Además de las recompensas el gobierno continúa con sus investigaciones y aún no descarta que en el caso del albañil Luis Gerez esté involucrado el ex comisario Luis Patti, a quien el albañil acusó de haberle torturado en 1972. Por esta razón el jefe de Gabinete argentino, Alberto Fernández, pidió públicamente "investigar a fondo" si el ex comisario está involucrado.

Según fuentes gubernamentales el propio presidente Kirchner pidió a su entorno que se investigue si existe en el hecho una conexión con el ex comisario. Por su parte, Patti declaró al diario ‘La Nación’ que "el kirchnerismo armó todo" para perjudicarlo.

Embargan pensiones de marinos procesados
Otras de las medidas recientemente tomadas por la justicia argentina fue el embargo del 20 por ciento de las pensiones que perciben dos represores de la última dictadura militar (1976-1983) para hacer frente a futuros resarcimientos de sus víctimas.

La resolución del magistrado Sergio Torres involucra a los marinos retirados Adolfo Miguel Donda y Oscar Antonio Montes, procesados por delitos de lesa humanidad cometidos bajo la órbita de la Escuela de Mecánica de la Armada (ESMA).

Al dictar su procesamiento el juez había trabado millonarios embargos sobre los bienes de Donda y Montes, pero ambos aseguraron que no poseen pertenencias ni dinero, por lo que Torres resolvió que se retenga parte de las pensiones que reciben.

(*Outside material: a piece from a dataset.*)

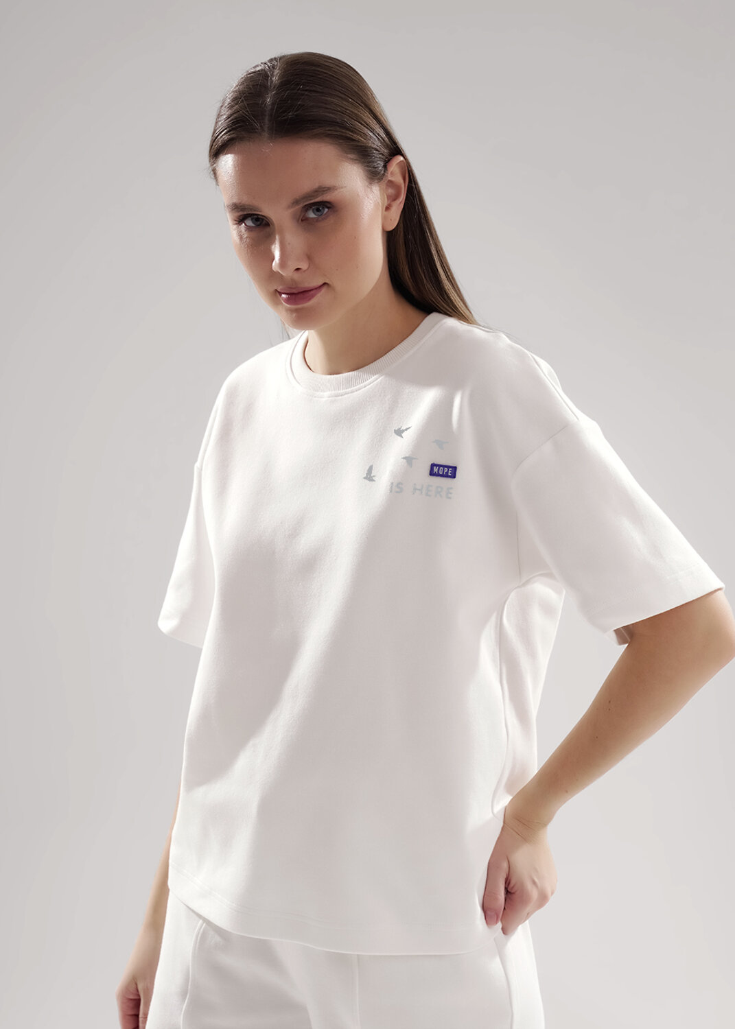 Футболка для дома и отдыха прямого силуэта из хлопкового трикотажного полотна интерлок. Округлая горловина с обтачкой из кашкорсе. Короткий рукав со спущенной линией плеча. На детали переда принт, нашивка.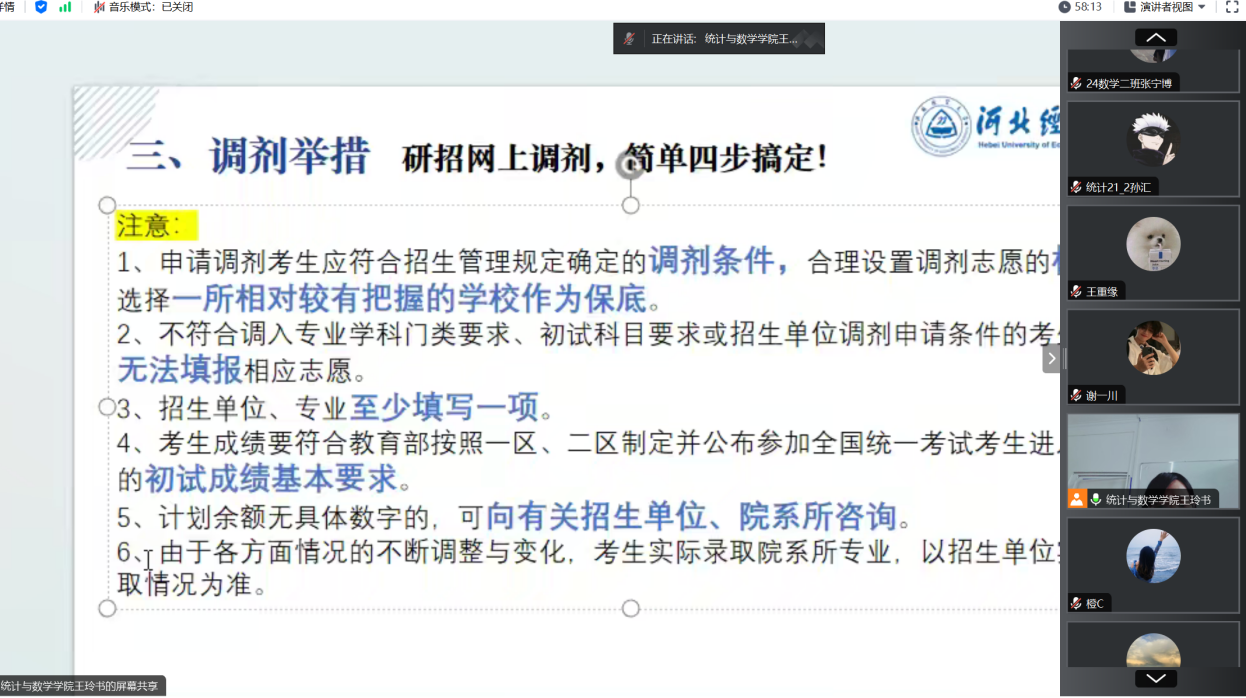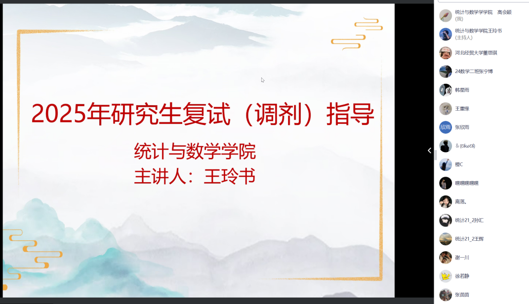 3月10日,永利集团88304官网召开“2025年研究生复试(调剂)指导会”线上会议,由学院副院长王玲书主讲,2021级考研学生参加。

Por su condición de marinos retirados, Donda percibe 1.238 pesos (400 dólares) mensuales y Montes cobra 3.800 pesos (1.230 dólares).

Torres dispuso que a partir del primer mes de 2007 el 20 por ciento de la jubilación de Donda y Montes sea depositado en una cuenta bancaria y que ese dinero se destine a eventuales indemnizaciones para víctimas de la dictadura.

Cabe destacar que el 21 de diciembre pasado el juez trabó embargos millonarios sobre los bienes de 33 procesados por delitos de lesa humanidad.

Al ex marino Alfredo Astiz, cuya extradición piden España, Francia y Suecie, le fue fijado un embargo sobre sus bienes por 258 millones de pesos (83,4 millones de dólares).

Esta misma medida podría ser aplicada a medio centenar de represores cuyas pensiones pueden ser embargadas en el futuro.